* **TASK**
Beginning with the line of the entries below that holds "1、在关卡2中,及时点击钻出的地鼠,每次击中可获得分数,积累得分。" and ending with the line that holds "- This is a", transcribe each line exactly as written. Pictures stay out.

* **THE INPUT**
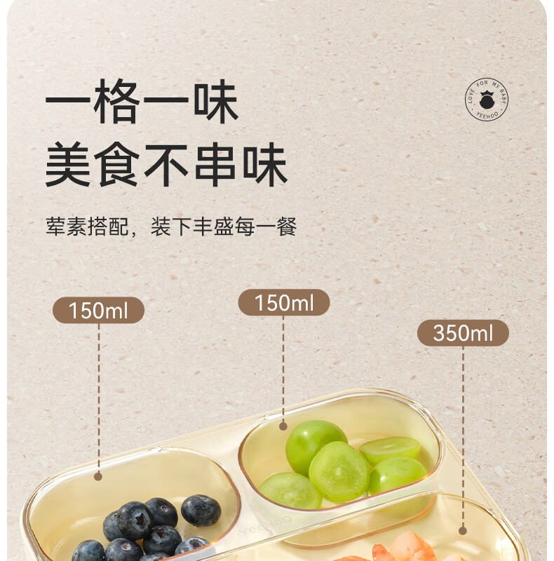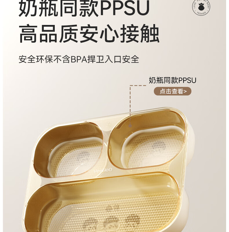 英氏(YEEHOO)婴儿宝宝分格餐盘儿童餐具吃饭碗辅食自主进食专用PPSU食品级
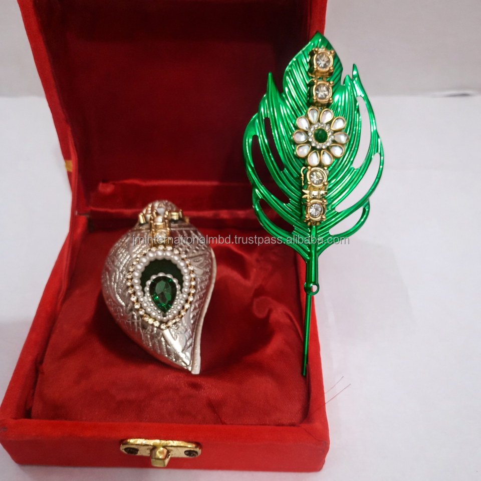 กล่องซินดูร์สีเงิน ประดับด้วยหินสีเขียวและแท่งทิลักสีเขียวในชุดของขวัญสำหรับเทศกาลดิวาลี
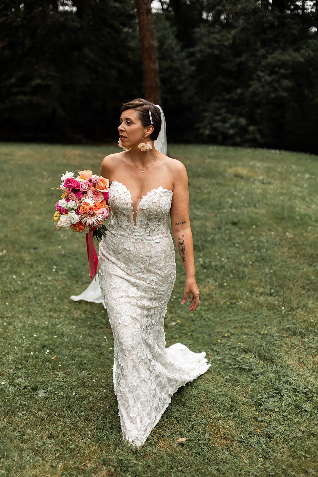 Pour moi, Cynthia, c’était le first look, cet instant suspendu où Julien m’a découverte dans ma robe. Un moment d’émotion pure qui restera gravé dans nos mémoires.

...

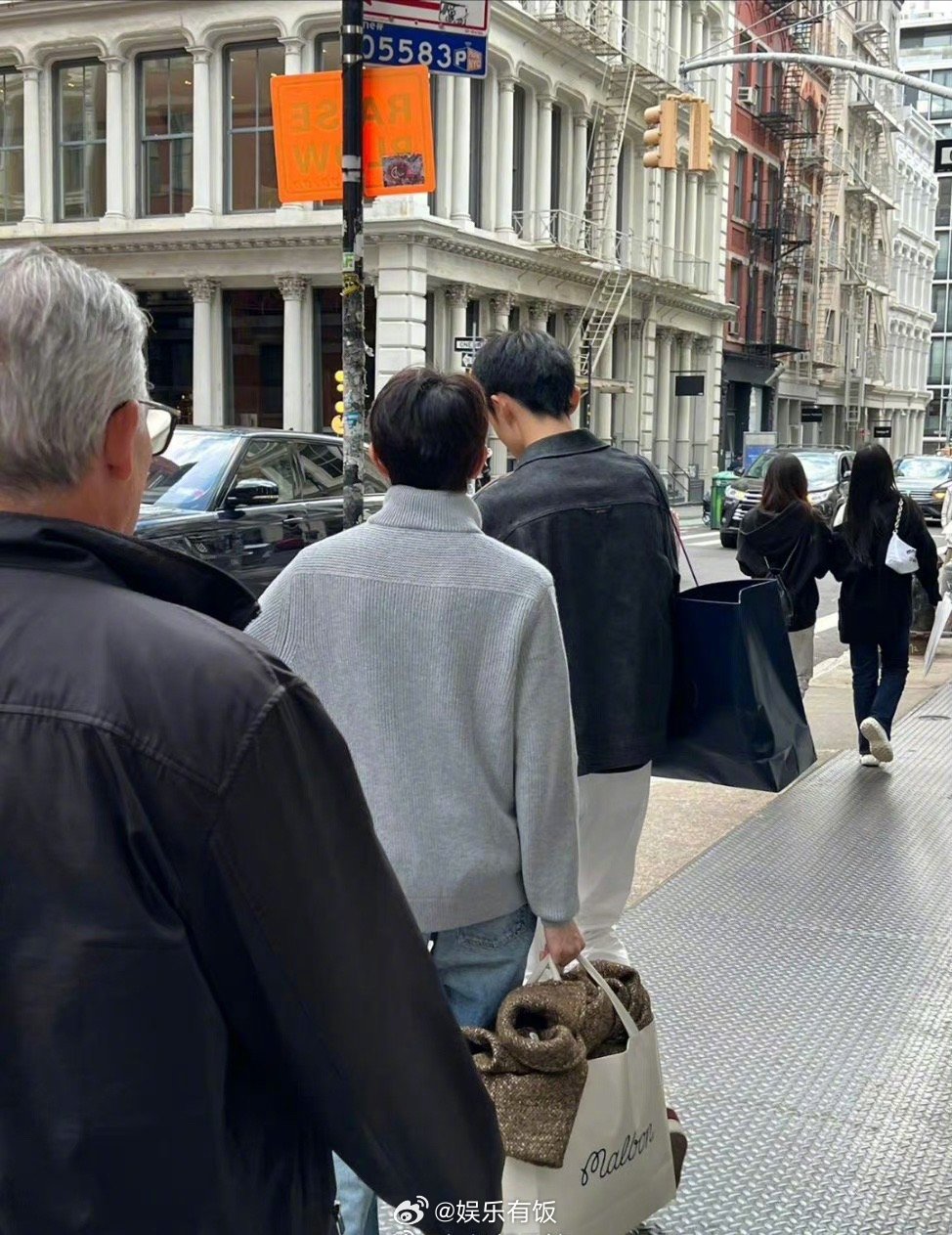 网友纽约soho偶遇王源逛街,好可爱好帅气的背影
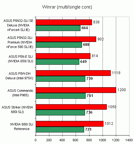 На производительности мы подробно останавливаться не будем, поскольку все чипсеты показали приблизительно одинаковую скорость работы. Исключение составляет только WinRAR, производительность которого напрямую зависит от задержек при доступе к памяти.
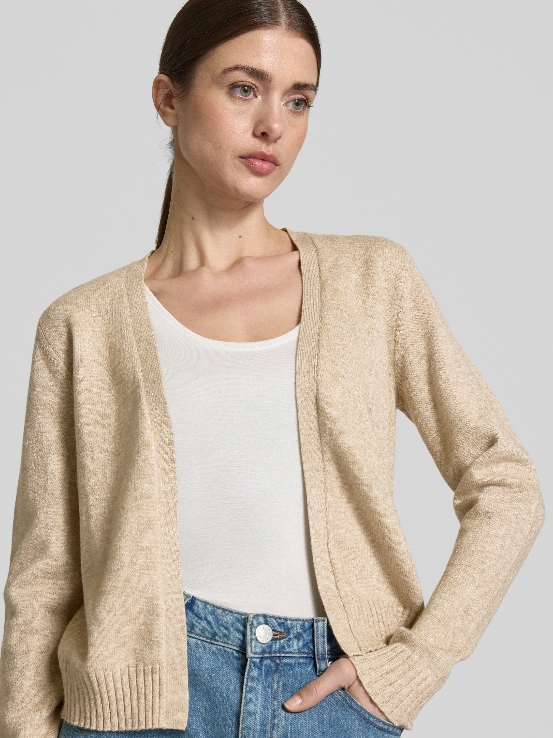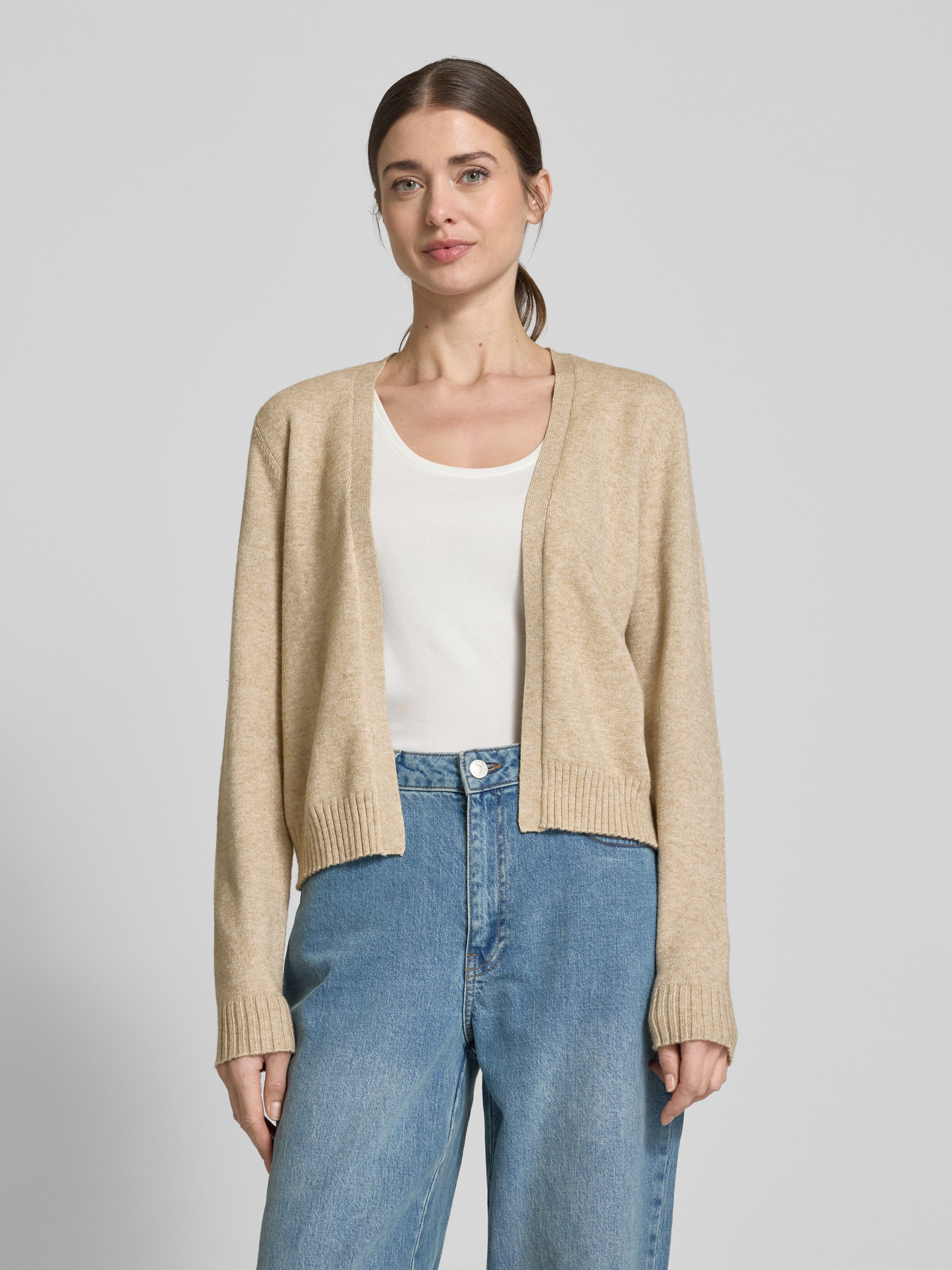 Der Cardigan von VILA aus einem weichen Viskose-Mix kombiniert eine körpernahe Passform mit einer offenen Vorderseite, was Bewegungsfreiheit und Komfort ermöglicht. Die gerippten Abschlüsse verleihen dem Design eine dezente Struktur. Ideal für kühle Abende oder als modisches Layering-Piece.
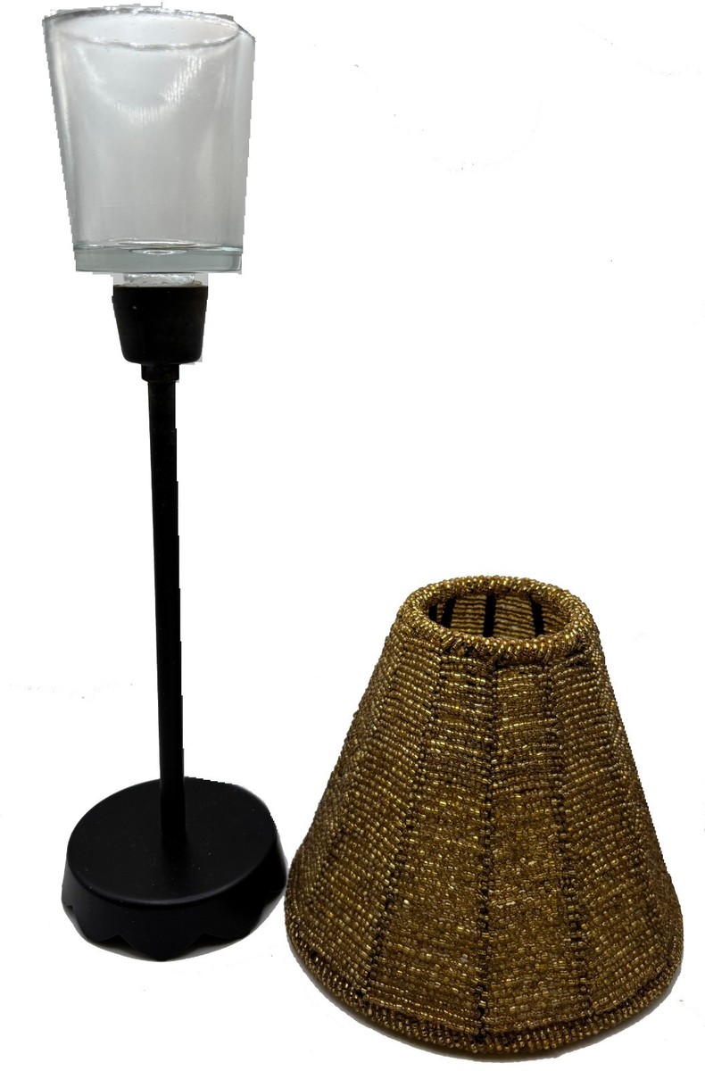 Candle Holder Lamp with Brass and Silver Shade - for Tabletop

==

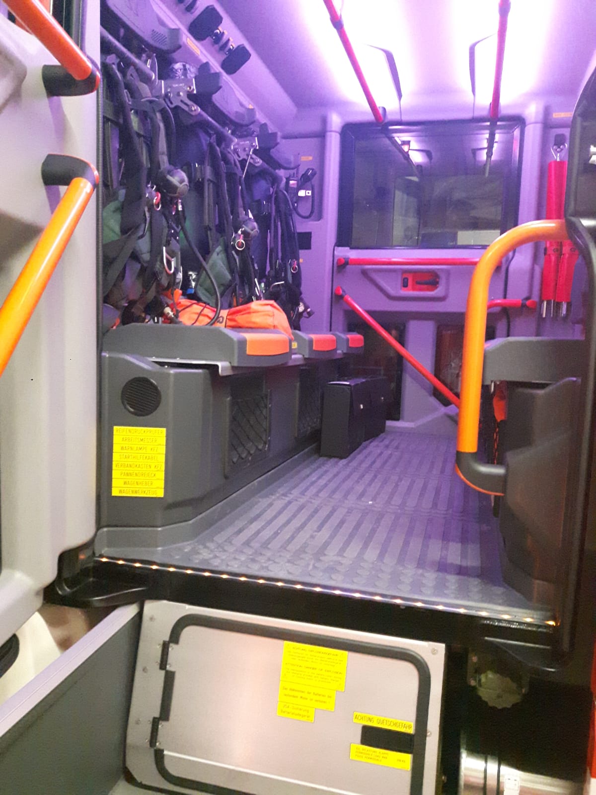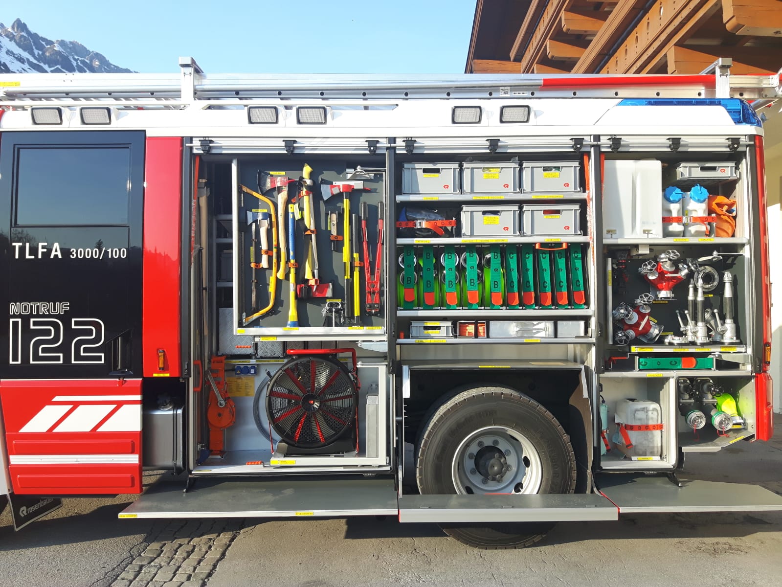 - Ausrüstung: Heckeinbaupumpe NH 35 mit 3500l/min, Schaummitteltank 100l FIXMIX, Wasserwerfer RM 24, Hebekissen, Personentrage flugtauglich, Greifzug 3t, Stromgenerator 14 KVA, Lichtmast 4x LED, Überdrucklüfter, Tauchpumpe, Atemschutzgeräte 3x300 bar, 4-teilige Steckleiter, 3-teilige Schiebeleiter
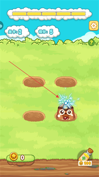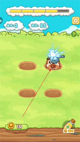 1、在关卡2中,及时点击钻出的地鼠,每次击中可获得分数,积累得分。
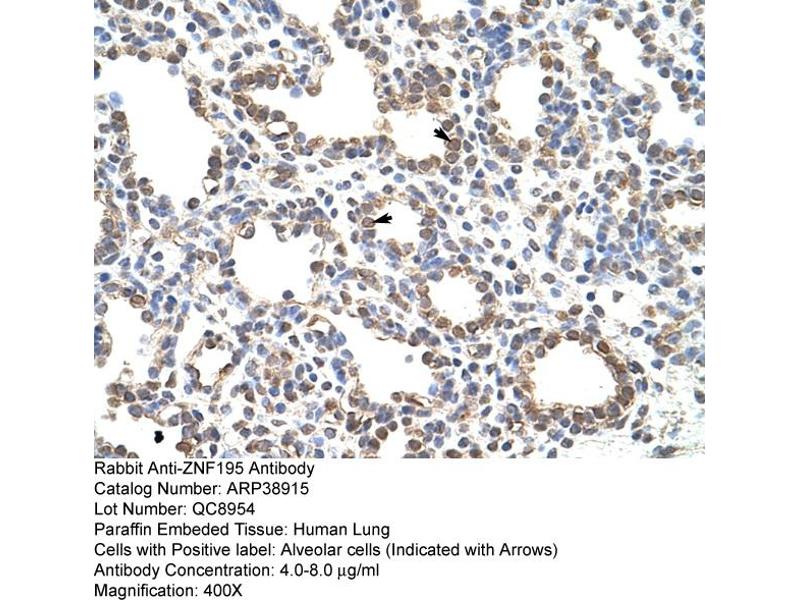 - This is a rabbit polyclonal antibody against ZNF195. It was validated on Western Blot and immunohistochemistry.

* **RESPONSE**
 1、在关卡2中,及时点击钻出的地鼠,每次击中可获得分数,积累得分。
 - This is a rabbit polyclonal antibody against ZNF195. It was validated on Western Blot and immunohistochemistry.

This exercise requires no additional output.